Elf Sternberg elf at halcyon.com
Sat May 19 21:44:07 EDT 2001


In article <mailman.989895622.17826.python-list at python.org> 
    Paul Prescod <paulp at ActiveState.com> writes:

>There is some truth to this but I don't think it is the whole truth.
>Most people become Python advocates while they still have much larger
>investments in other languages. The new converts are often the most
>vocal, right?

        True.  When I shifted over, it was something of a religious
conversion to the point where I felt guilty when I tossed off a 'perl
-pi.bak' construction.

>It's like political parties.

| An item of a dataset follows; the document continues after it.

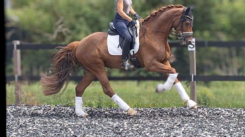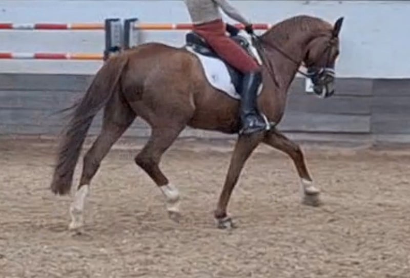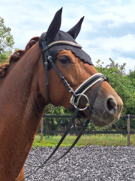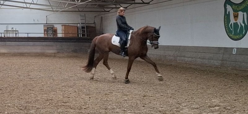 Expressive, beautiful dark chestnut mare ☆☆☆ Flumie ☆☆☆ Three very good basic gaits Winner in Riding Horse and Dressage Horse Class A Ridable with go Generally well-behaved and sensitive Healthy, with good X-ray results available Incredibly sweet and human-oriented horse Flumie enjoys groundwork and liberty work very much Very friendly with other horses, tends to be lower in the herd hierarchy Not for sale to resellers I look forward to friendly inquiries Video available upon request Test ride €35

You want your programming language to
>succeed because it captures your beliefs about how the (computer) world
>should work.

        One of the things I've learned over the years is that there
isn't much to languages themselves.  I have a bit of trouble wrapping my
head around some language classes, such as those examplified by Haskell,
Scheme, or Forth.  But when it comes to the procedural languages (like
C) and those with an object-oriented option (such as C++, Java, Perl,
and Python) I have no trouble with the language _syntax_, because, to be
honest, there isn't much there there.  Do I use '==' or '=' (or 'eq'!)
in an if statement, do I use '=' or ':=' in an assignment, what do I use
for scoping: these are all trivial.

        The real barrier to any language is the libraries that come with
it.  What made Perl and Python _real_ successes with its users was that
the libraries are similar enough to the C which we had to work with in
the late 1980's.  When these languages came along, the regular
expressions were familiar to us and the things we could do were things
we were used to doing.  Plus, the authors of these languages had the
foresight to make interfacing with even a poorly-thought-out C interface
a task even a mediocre programmer could accomplish.  

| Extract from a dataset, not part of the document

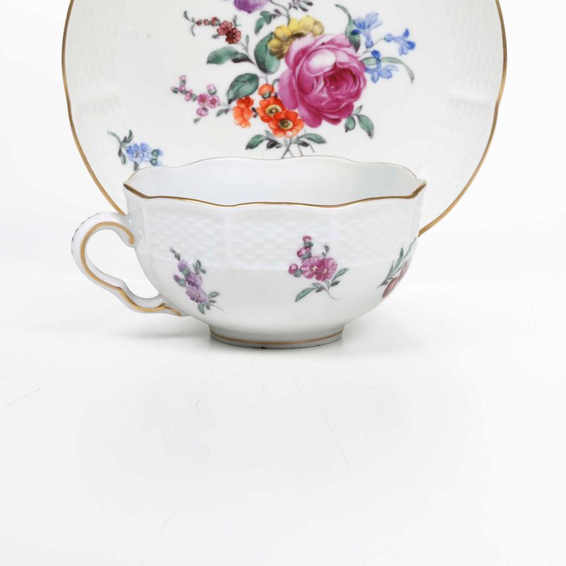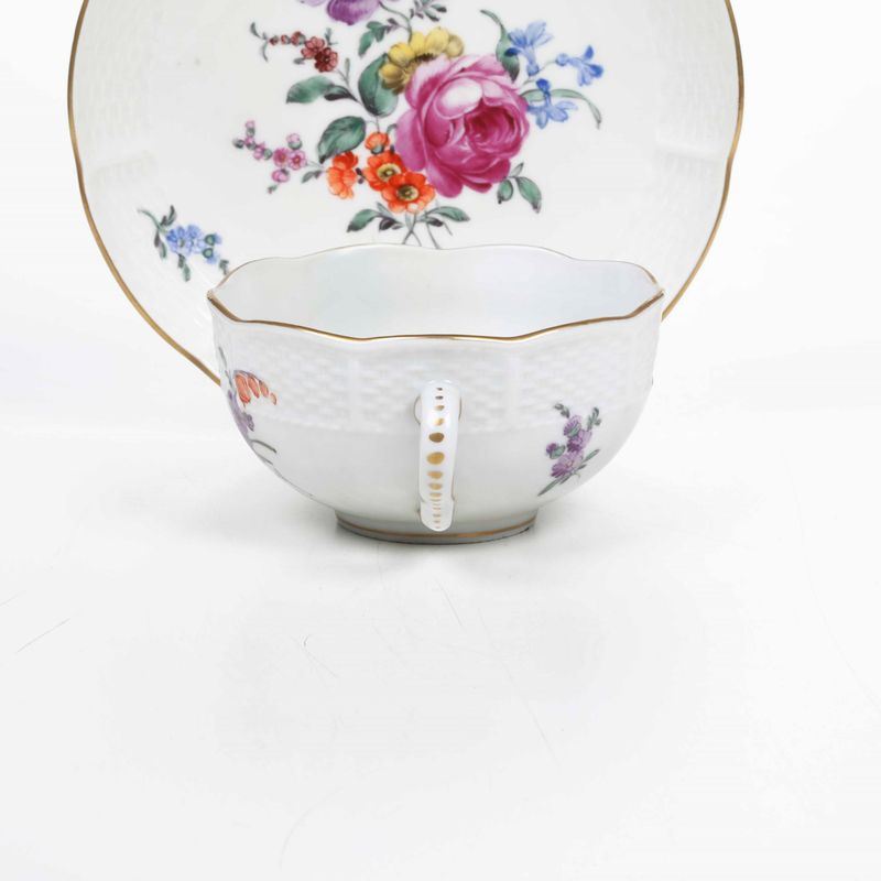 La tazza, dal manico ad orecchio a doppia voluta, ed il piattino ospitano al bordo una fascia a cestello di vimini che confina con gli orli mossi e filettati in oro. Un mazzo di fiori e ramoscelli fioriti e fogliati sparsi spiccano sul bianco della superficie

        I suspect this is the reason why Java is such a hit among
college students learning a language for the first time, but has had
trouble inroads into the existing Unix/Linux communities.  The Java
libraries, however well-conceived and paradigmatically "pure" they may
be, are unfamiliar to those of us who have been programming to the Unix
'C' libraries for so long.

        Any language that hopes to acquire a significant amount of
mindshare must have both a compellingly useful syntax and a library that
the user can readily grasp and do something with.  Python and Perl both
succeed in the second, and whether or not they succeed at the first is,
well, a matter of personal preference (and religious wars).

                Elf

--
Elf M. Sternberg, rational romantic mystical cynical idealist
http://www.halcyon.com/elf/

Dvorak Keyboards: Frgp ucpoy ncb. ru e.bu.bj.